Nine years after the birth of my daughter, I still vividly recall preparing for her arrival. There was a nursery to furnish, tons of stuff to buy, and it was finally time to replace my 13-year-old car with something that had AWD, airbags and antilock brakes. Most of all, there was the matter of selecting a perfect name. The first name chose itself; Liliena was named after my Tongan Peace Corps sister. Her middle name presented more of a challenge -- it had to be both beautiful and meaningful. After hours of poring through baby name books and speaking different combinations aloud, we finally chose Beatrice, "bringer of joy." A year later, we went through much the same process when I became pregnant with my son.

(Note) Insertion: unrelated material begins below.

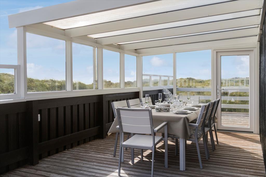 Die Außenbereiche sind einfach wunderbar: Wer möchte nicht auf einem großen Dünengrundstück mit freiem Blick auf die schönen Sonnenuntergänge entspannen und direkten Zugang zum Strand haben? Eine schöne Terrassenlandschaft erstreckt sich rund um das Erdgeschoss: Im Westen liegt der Aufenthaltsbereich erhöht über den Dünen wie eine überdachte Veranda, und im Süden ist ein Bereich überdacht und durch Glaswände geschützt, sodass selbst der Westwind euch nicht daran hindern kann, das Leben im Freien zu genießen. Eine geschützte Terrasse im Norden versteckt sich ein wenig von der Straße, und vom Wohnzimmer im Untergeschoss habt ihr direkten Zugang zu den Dünen, wenn du ruhig in der Sonne sitzen und auf die wogenden Dünengräser schauen möchtest.

There are many places in the world where parents dare not select their babies' names in advance. It's not that these parents love their children less than we do, it's because they know there is a good chance their babies will die. I will never forget my recent visit to a referral hospital in East Africa. The head of pediatrics described the many foreign visitors who "came to help," made big promises and never returned. He then showed me their delivery room, a 6 x 12 foot alcove with two metal labor tables and a peeling tile floor. There was no running water, no stethoscope or simple suction equipment, and no blankets or towels to dry and warm newborns. Metal bins were set within easy reach; it was not unusual for the bodies of "stillborns," who had yet to utter a single cry, to be placed inside and left for dead. Physicians attend very few deliveries in developing countries and, tragically, many health workers don't realize that by simply suctioning a baby's mouth and nose, and rubbing his back and warming him, they could help him start to breathe.

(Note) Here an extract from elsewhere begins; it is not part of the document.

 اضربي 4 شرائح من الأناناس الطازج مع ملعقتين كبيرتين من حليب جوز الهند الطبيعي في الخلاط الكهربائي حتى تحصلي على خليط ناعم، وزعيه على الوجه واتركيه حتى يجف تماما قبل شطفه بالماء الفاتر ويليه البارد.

It is sobering for me to contrast this with my own experience. My son Grayson was born 10 days after his due date, delivered by stat c-section when the fetal monitor showed dangerous drops in his heart rate. Within 10 minutes of the concerning tracing, I heard the beautiful sound of my son's first cry. He was perfect -- save for a dent in his lower lip, where his tiny hand had been pressed up against his sweet little face. I learned about this detail later; my blood pressure had dropped to 60/30 and my recollection of that night is somewhat vague. Gray has asked me several times what would have happened if he had been born in a place where they didn't have hospitals. I have replied, quite honestly, that we probably both would have died.
The reality is, unlike those of us fortunate enough to have ready access to skilled medical care; millions of women throughout the world DO die during childbirth, and go through their pregnancies knowing that their babies may also die before, during or shortly after birth.
Every mother deserves to deliver her baby safely, and to experience the immeasurable joy of hearing that first cry. Every baby deserves to have a skilled attendant who can keep them out of that metal bin, by helping them take their first breath. Now, thanks to Helping Babies Breathe®, newborns in resource- limited settings stand a much better chance of ending up in their mothers' arms, alive and well.
Helping Babies Breathe® (HBB) is a curriculum developed and being distributed by the American Academy of Pediatrics, in consultation with the World Health Organization (WHO), and in collaboration with the US Agency for International Development, Save the Children, NICHD, Laerdal Medical, Johnson & Johnson, and a number of other organizations.
HBB trains birth attendants in developing countries in the essential skills of newborn resuscitation. Our goal is to have at least one skilled attendant at the birth of every baby, armed with the simple, inexpensive equipment needed to help each baby breathe within the first minute after birth. HBB training has been introduced in 48 countries so far, but only 11 of these countries have sufficient resources to take this critically important program to scale.
This week at a panel about Front Line Health Workers hosted by Johnson & Johnson, Dr. Jon Klein from the AAP noted that "much more needs to be done to improve newborn survival to achieve the MDGs on a global scale." Helping Babies Breathe will be targeted to the 63 countries participating in Millennium Development Goal 4.
It is crucial that we find ways to increase support for HBB training in developing countries, so more birth attendants can be taught to evaluate newborns and stimulate their breathing. As this goal is achieved, more and more babies will survive and end up where they belong - not in those metal bins, but home with their families, where the fun of choosing their names can begin!